- Born: December 21, 1883 Charleston, South Carolina
- Died: April 17, 1979 (aged 95)
- Education: Pennsylvania Academy of the Fine Arts
- Occupations: Artist, author, lecturer, and preservationist

= Elizabeth O'Neill Verner =

American printmaker (1883–1979)

Elizabeth O'Neill Verner (December 21, 1883 – April 17, 1979) was an American artist, author, lecturer, and preservationist who was one of the leaders of the Charleston Renaissance. She has been called "the best-known woman artist of South Carolina of the twentieth century."
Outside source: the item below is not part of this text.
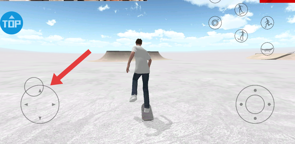1、基礎(chǔ)滑行操作通過左下角方向控制鍵,操控滑板角色的移動方向,向前鍵可讓角色加速滑行,左右鍵用于調(diào)整滑行路線。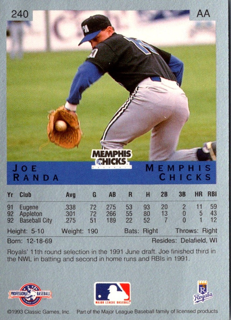 This 1993 Classic Best Joe Randa #240 Memphis Chicks card is a must-have for any baseball fan or card collector. Featuring a full-color glossy image of Joe Randa in his Memphis Chicks uniform, this card is sure to be a standout in any collection. The back of the card includes Joe Randa's stats as well as a brief biography, making it a great way to learn more about the player. Add this unique piece of baseball history to your collection today!

==Early life and education==
Elizabeth Quale O'Neill was born Dec. 21, 1883, in Charleston, South Carolina. She first studied art with Alice Ravenel Huger Smith. In 1901, after attending a Catholic girls’ school in Columbia, South Carolina, she enrolled at the Pennsylvania Academy of Fine Arts, where she studied for two years with Thomas Anshutz.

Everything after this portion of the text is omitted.